Items from a dataset:
■ ■ ■ ■ ■

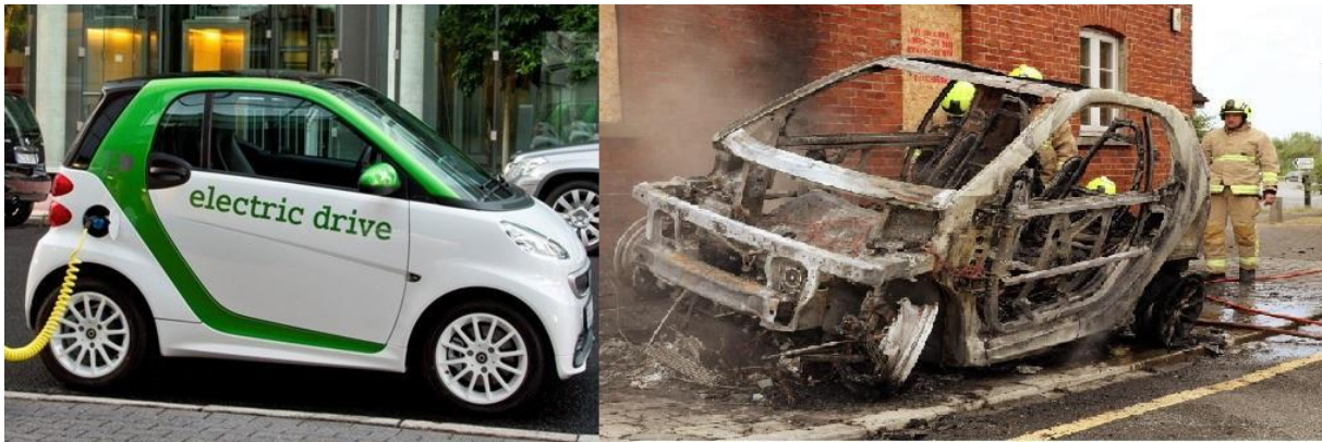
4.ábra 6 : A gépjármű a tűz előtt és utána

Ezen megállapítás véleményünk szerint helytálló, ugyanis minden műszaki cikk esetében a gyártó felelőssége, hogy terméke ne okozhasson balesetet, ennek megfelelően tehát egy akkumulátornak el kell tudnia viselni az efféle megterhelést. Természetesen a felhasználó érdeke is, hogy az ajánlásokat betartsa, azonban előfordulhatnak olyan esetek, amikor a tulajdonoson kívül álló okokból a töltést nem sikerül megszakítani, így egyértelműen a gyártó feladata az ilyen és ehhez hasonló esetek megakadályozása. [20] [33]
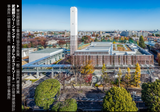
◀ 一般一類部門優秀賞 | カンダホールディングス本社 株式会社竹中工務店東京一級建築士事務所
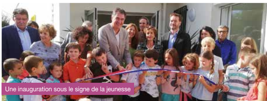
Une inauguration sous le signe de la jeunesse
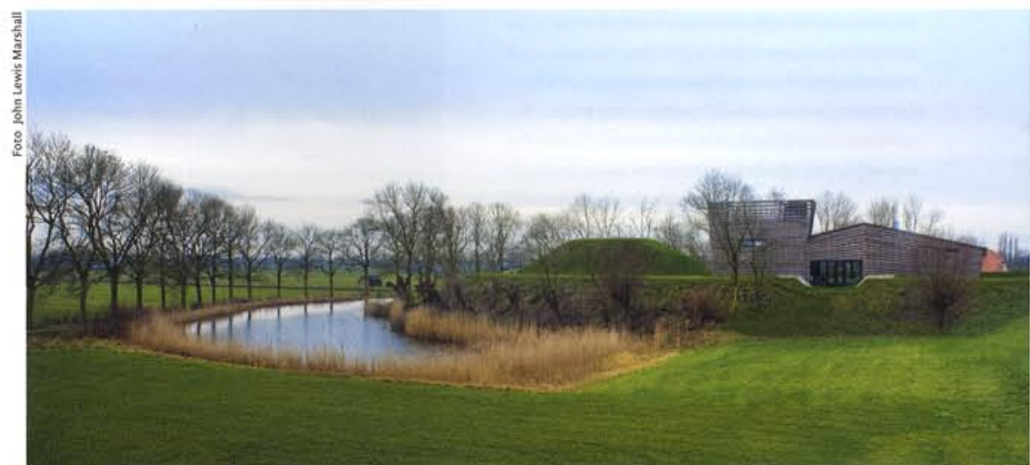
Zicht op Fort Werk aan 't Spoel vanuit het oosten.
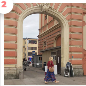
Вход в арку, не доходя до «Глобус Гурме»
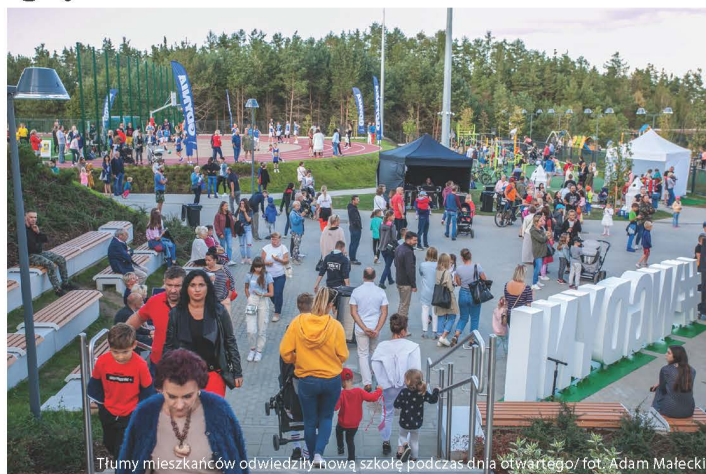
Tłumy mieszkańców odwiedziły nową szkołę podczas dnia otwartego
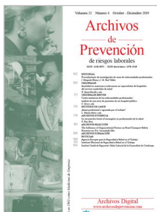
Archivos de prevención. Vol. 22, Núm. 4, octubre-diciembre 2019
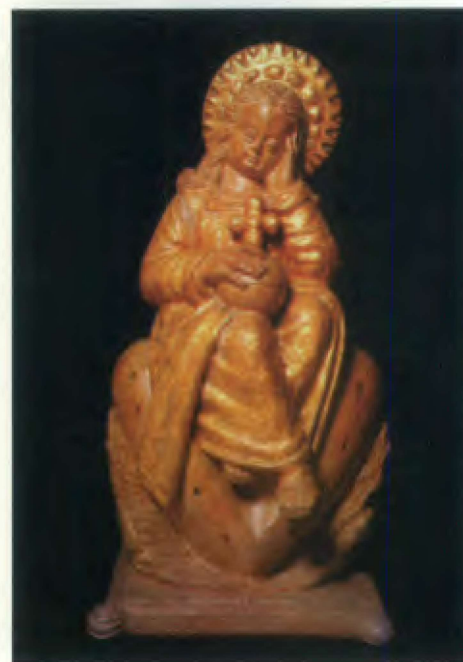
Menino Jesus, escultura em barro Frei Agostinho da Piedade, século XVII Mosteiro de São Bento, Olinda

À guisa de Revelação, enquanto ditava o Velho Testamento, Deus preparava os corações dos homens para receber o Filho consubstancial ao Pai e ao Divino Espírito Santo e começava a revelar o mistério da Trindade, ou seja, a relação do Pai com o Filho e vice-versa, consolidada pelo Espírito de Amor. Portanto, percorrendo as páginas do Antigo Testamento, encontramos textos que nos apontam diretamente para uma devoção antropomórfica do Coração de Deus, o Pai. Antropomórfica porque, embora tendo Ele criado o homem à Sua imagem e semelhança, Ele, Deus, é espírito puro, e como tal, desprovido do coração de carne com que dotaria o Seu próprio Filho no decurso da História da Salvação. Assim sendo, podemos dizer que a devoção ao Sagrado Coração de Jesus é gerada no bojo das Escrituras Veterotestamentária, portanto, antes mesmo do mistério da Encarnação.
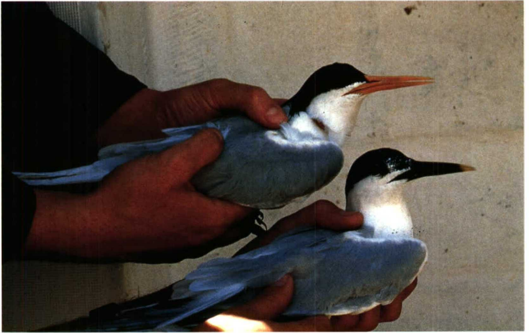
148 Sierlijke Stern Sterna elegans en Grote Stern S. sandvicensis , Banc d'Arguin/Arcachon, Gironde, Frankrijk, 10 juni 1987 (Philippe J Dubois) 149 Bengaalse Sterns Sterna bengalensis torresii , Karan, Arabische Golf, Saudiarabië, 4 juni 1991 (Arnoud B van den Berg)
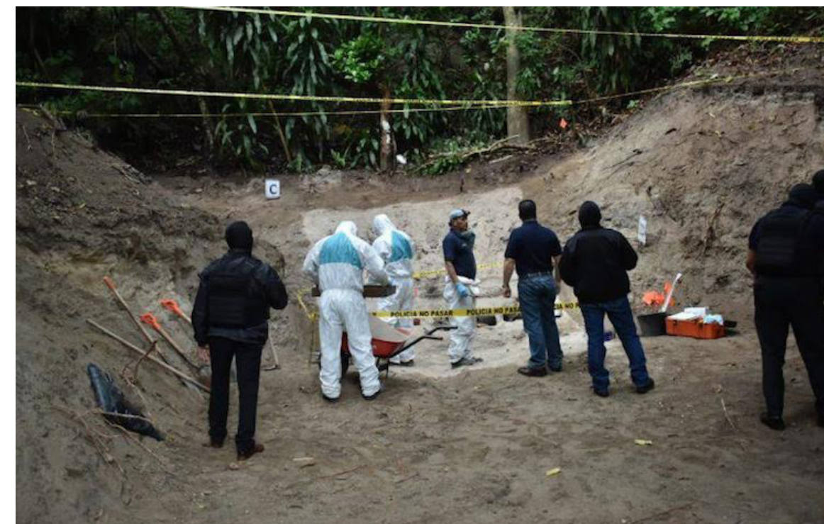
Entre 2019 y 2021, a nivel nacional, se localizaron 51 fosas clandestinas, solo algunas han sido excavadas por las autoridades.

Las pandillas comenzaron a ocultar los cuerpos, para evitar que la policía llegara e hiciera todo un aparataje
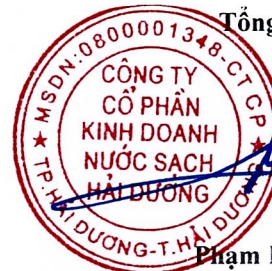
Phạm Minh Cường

(Các thuyết minh từ trang 6 đến trang 27 là bộ phận hợp thành của Báo cáo tài chính giữa niên độ này)
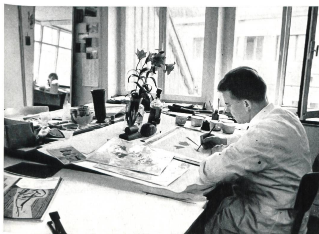
Dessin d'après nature d'un délicat motif floral pour mouchoirs.

Comme cela paraît prosaïque ! Pourtant, ils ne sont pas prosaïques du tout, ces créateurs et ces créatrices de mouchoirs Stoffels. Si l'on pénètre dans leur atelier, au dernier étage de l'imposant immeuble qui porte le nom de « Washington », à Saint-Gall, on est accueilli aux sons
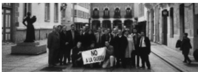
Los secretarios de UPF y JpD en Palencia

de que esta guerra unilateral, que toma como pretexto una campaña mundial contra el terrorismo y contra los países supuestamente amigos de los terroristas, constituye una quiebra de la paz y una vulneración de
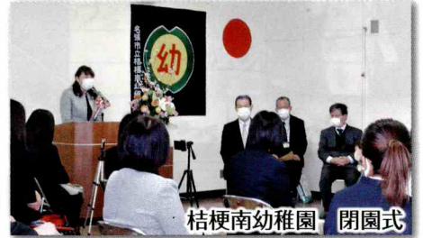
桔梗南幼稚園 閉園式
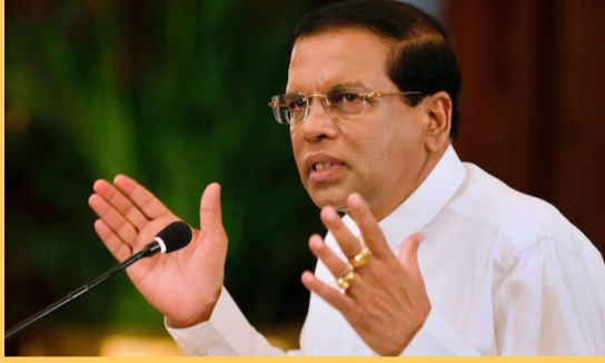
சிறப்புரிமைகளை வழங்குவது பற்றி ஆராயப் பட்டு வருவதாக மேலும் அறியமுடிந்தது. (ஐ)

மைத்திரிபால சிறிசேன ஜனாதிபதி பதவியில் இல்லாத சமயத்தில் எதிர்காலத்தில் அவருக்கு விசேட
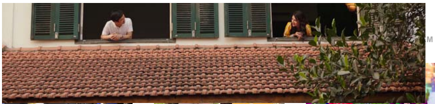
Cảnh trong Kẹp tóc màu xanh
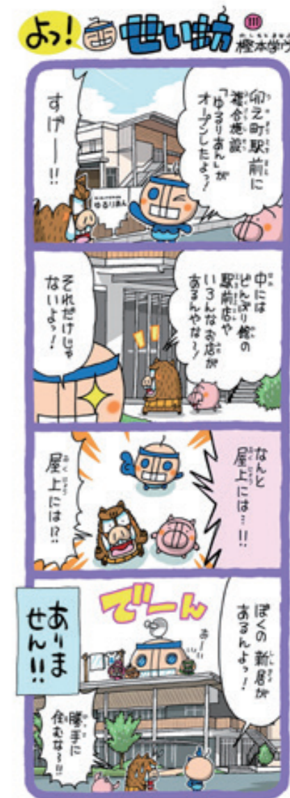
新しく卯之町駅前にてきた施設「ゆるりあん」ご飯を食べられて、新鮮な野菜も買えるんよ。本当に住みたいくらい。みんなも行ってみてね〜
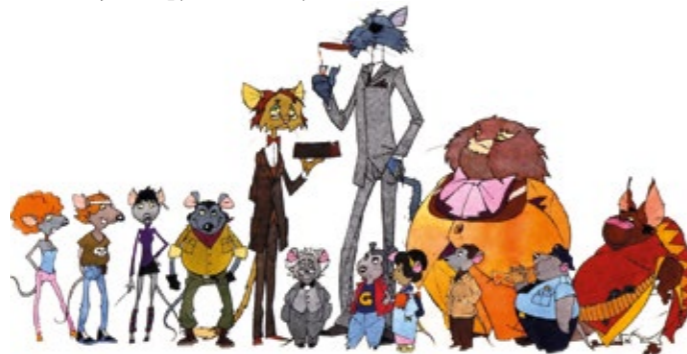
Július 8-án a Macskafogóval indul a „Nyáresti Filmterasz”.

A következő filmeket majd az online szavazás és a közönség véleménye alapján választjuk
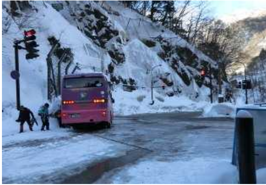
バスツアーによる入山の様子
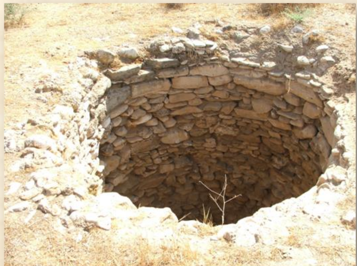
ביר קמלה (מדרום-מזרח לתל שרוחן: דן גזית)

הלמות, באר שרוחן, מאגר נירים; בארות רבובה (רואיבה) מצפון לגבולות; באר חוות נבון (מדרום למגן); באר מדרום-מערב למגן; באר בכניסה לגבולות.
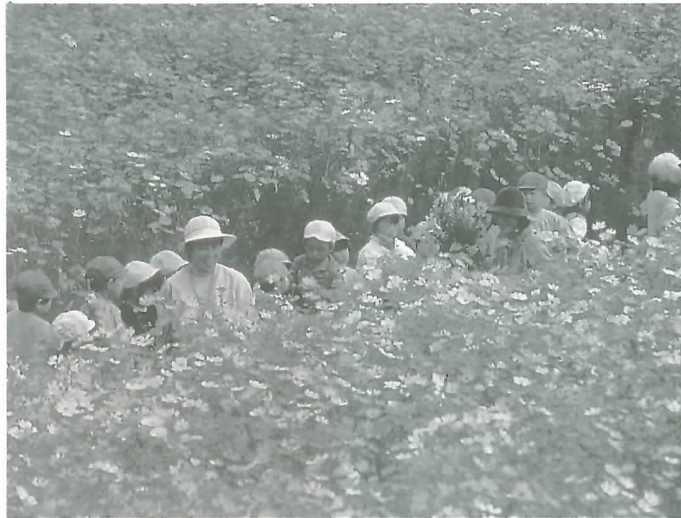
表佐小 コスモスの花を見に訪れた表佐保育園の園児

JR垂井駅南側や表佐地内の転作田にコスモスの花が一面に広がり、道行く人の目を楽しませています。
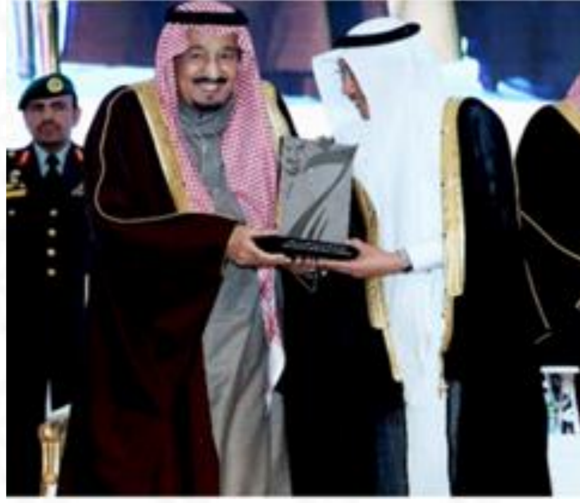
جائزة الملك خالد ٢٠١٧م
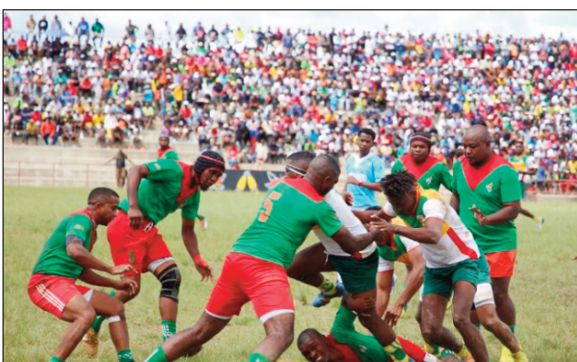
Rugby XXL Top 20, 2023.

Mitohy ny fifaninana rugby « Championnat de Madagascar 2023 D-2 sy D-1 vehivavy » ary ny « Championnat de Madagascar Elite Federale XXL Top 20 2023 » izay tontosaina eny amin'ny kianja Makis Andohatapanaka avokoa amin'ity faran'ny herinandro ity. Fandaharan-dalao « Championnat de Madagascar 2023 Féminine » D-1 sy D-2 Asabotsy 29 aprily 2023 (Tsy misy vidim-pidirana) : Sokajy D-2- 09:00 : Fanja Anjanahary # Rosa Antohamadinika, 11:00-Sab-
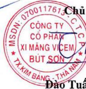
Đào Tuấn Khôi
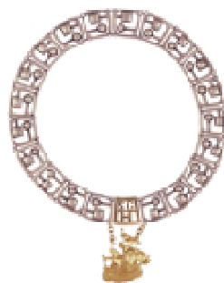
Łańcuch dziekana Kolegium Nauk o Przedsiębiorstwie
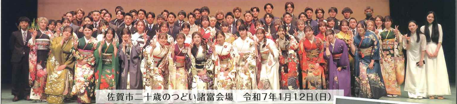
佐賀市二十歳のつどい諸富会場 令和7年1月12日(日)
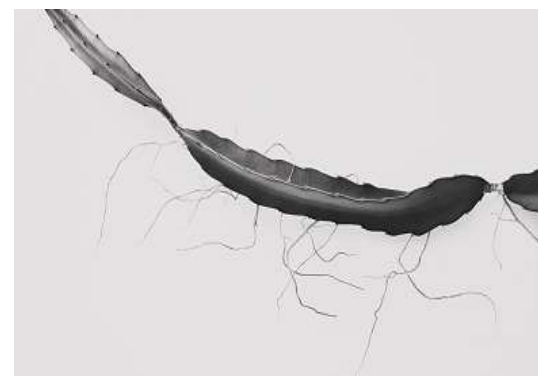
Imagem 2 – Kemper, 2021: ‘te extraño, pitaya’

vegetais que não estivessem na geladeira. Fotografei a cena de estranhamento coletivo. Quando a imagem apareceu na tela do celular e se apresentou pelo nome: ‘te extraño, cariño’.
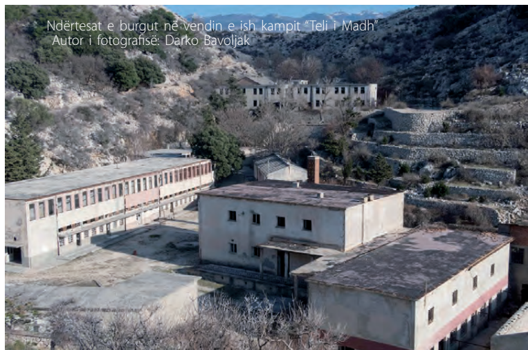
Ndërtesat e burgut në vendin e ish kampit “Teli i Madh”
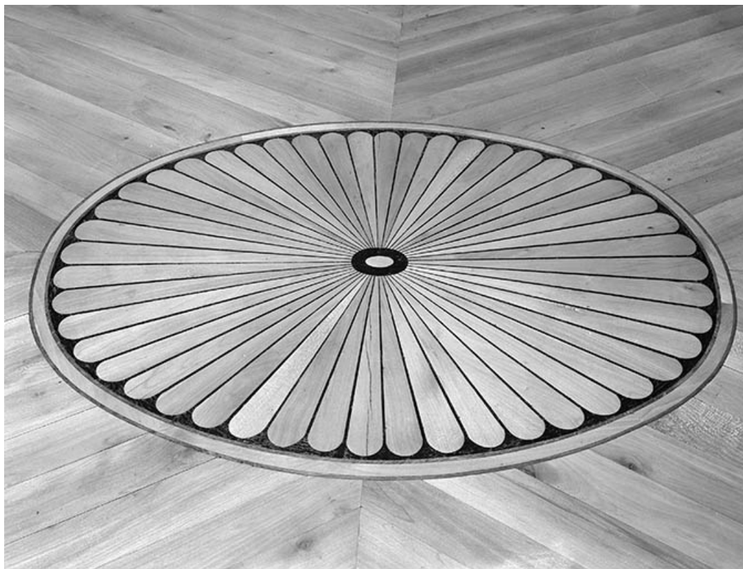
Intérieur : détail du plancher de la bibliothèque.
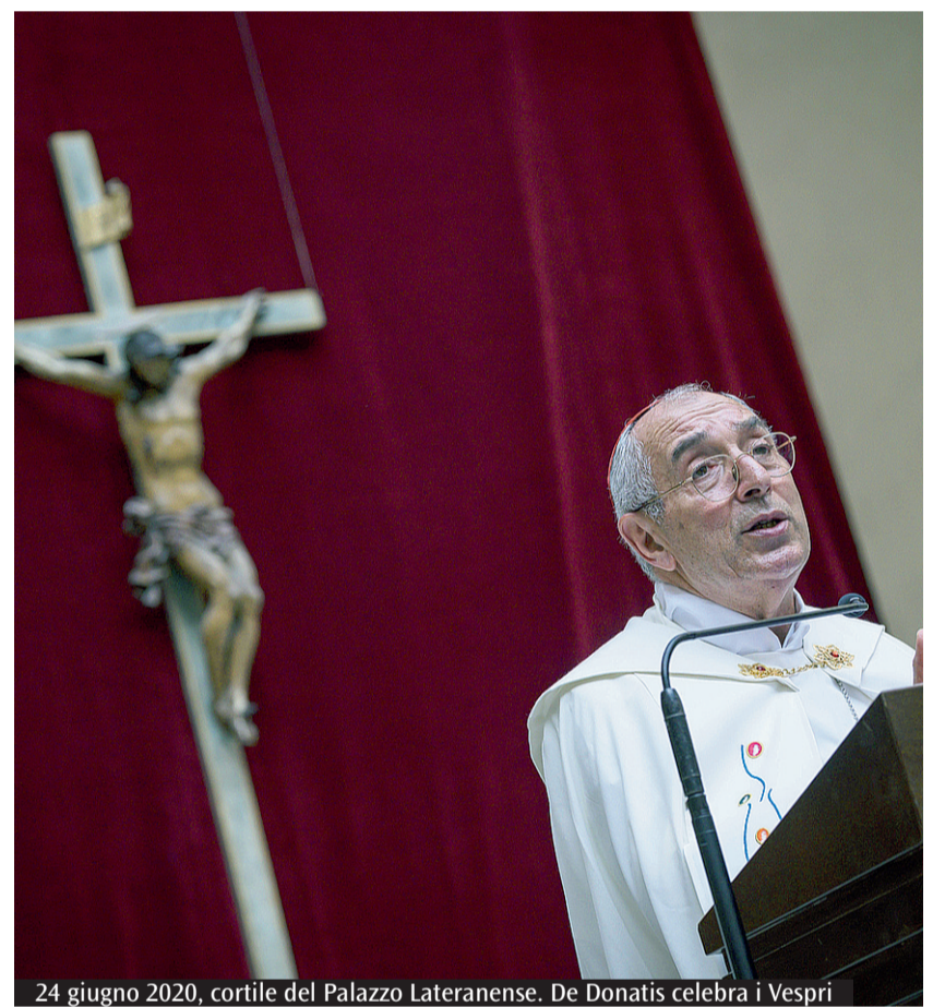
24 giugno 2020, cortile del Palazzo Lateranense. De Donatis celebra i Vespri

Medio Oriente, avvia le celebrazioni per i 1700 anni della basilica di San Giovanni in Laterano, inaugura il pastificio nel carcere minorile di Casal del Marmo, interviene al convegno per i 10 anni della Evangelii gaudium . Il 2024 inizia con l'incontro del Papa per il clero di Roma. E sempre per il clero De Donatis guida la liturgia penitenziale, invitando i sacerdoti a donarsi «a favore di tutto il popolo che ci è affidato». A febbraio rivolge una lettera ai romani a 50 anni dal celebre convegno diocesano sui «mali di Roma» auspicando una «città di tutti» e interviene alle catechesi quaresimali dedicate a Pinocchio. In marzo il cardinale guida la visita ad «limina» dei vescovi del Lazio, presiede la Messa nella Giornata in memoria delle vittime del Covid e la celebrazione per i funerali di monsignor Strazzari, che fu rettore del Redemptoris Mater. Subito dopo Pasqua, dal 2 al 5 aprile, il viaggio con un gruppo di sacerdoti in Ungheria: l'ultimo atto nella diocesi di Roma. Ancora con il clero, alla cui cura pastorale De Donatis ha dedicato larga parte del suo ministero: prima da padre spirituale, poi da vescovo ausiliare e quindi da cardinale vicario. Il giorno dopo il rientro in Italia, la nomina alla guida della Penitenzieria Apostolica, il più antico Dicastero e il primo dei Tribunali della Curia Romana. Sabato 20 aprile lo attende il saluto della comunità ecclesiale della diocesi di Roma nella basilica di San Pietro.
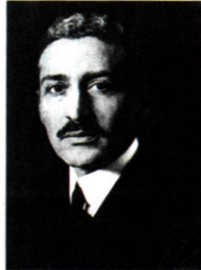
Ο Ιωάν Δραγούμης (1878-1920), συγγραφέας, πολιτικός και διπλωμάτης, διατέλεσε υποπρόξενος της Ελλάδας στο Μοναστήρι και ενίσχυσε σημαντικά την ελληνική αντίσταση στις βουλγαρικές ενέργειες.
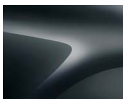
GRIS COMÈTE (2)
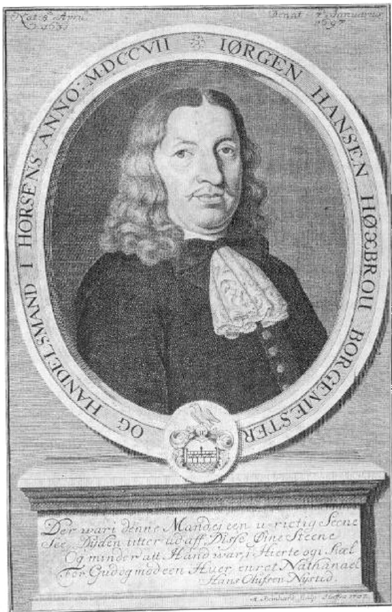
EFTER KOBBERSTIK (formindsket omtr. 3:2).

■ ■ ■ ■ ■

From the line with "Tłumy mieszkańców odwiedziły" up to and including the line with "Menino Jesus, escultura" above, retype every line exactly and nothing more; leave out the pictures.

### Completed exercise
Tłumy mieszkańców odwiedziły nową szkołę podczas dnia otwartego
Archivos de prevención. Vol. 22, Núm. 4, octubre-diciembre 2019
Menino Jesus, escultura em barro Frei Agostinho da Piedade, século XVII Mosteiro de São Bento, Olinda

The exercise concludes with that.